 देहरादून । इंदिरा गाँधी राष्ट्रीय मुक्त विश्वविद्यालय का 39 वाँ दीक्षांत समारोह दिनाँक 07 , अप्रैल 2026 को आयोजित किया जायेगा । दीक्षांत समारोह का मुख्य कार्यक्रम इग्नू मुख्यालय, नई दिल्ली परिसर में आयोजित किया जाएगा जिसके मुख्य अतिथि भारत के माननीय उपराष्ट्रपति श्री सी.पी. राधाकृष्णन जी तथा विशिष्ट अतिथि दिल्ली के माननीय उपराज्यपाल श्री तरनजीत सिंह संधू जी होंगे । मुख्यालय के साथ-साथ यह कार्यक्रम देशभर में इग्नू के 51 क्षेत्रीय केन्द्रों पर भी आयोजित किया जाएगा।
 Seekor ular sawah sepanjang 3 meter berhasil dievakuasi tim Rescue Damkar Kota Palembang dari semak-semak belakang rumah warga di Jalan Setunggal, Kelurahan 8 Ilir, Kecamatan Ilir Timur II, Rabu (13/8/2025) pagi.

· · · · · · ·

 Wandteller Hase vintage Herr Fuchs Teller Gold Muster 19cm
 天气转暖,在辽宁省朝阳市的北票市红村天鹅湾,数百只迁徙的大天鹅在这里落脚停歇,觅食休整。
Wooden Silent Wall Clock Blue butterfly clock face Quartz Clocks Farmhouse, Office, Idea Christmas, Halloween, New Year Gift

· · · · · · ·

PROBLEM DETAILS:
Could you write out, exactly as they stand, only the lines above that begin at the line with "天气转暖,在辽宁省朝阳市的北" and stop after the line with "Wooden Silent Wall"?

OUTPUT FOR THIS EXERCISE:
 天气转暖,在辽宁省朝阳市的北票市红村天鹅湾,数百只迁徙的大天鹅在这里落脚停歇,觅食休整。
Wooden Silent Wall Clock Blue butterfly clock face Quartz Clocks Farmhouse, Office, Idea Christmas, Halloween, New Year Gift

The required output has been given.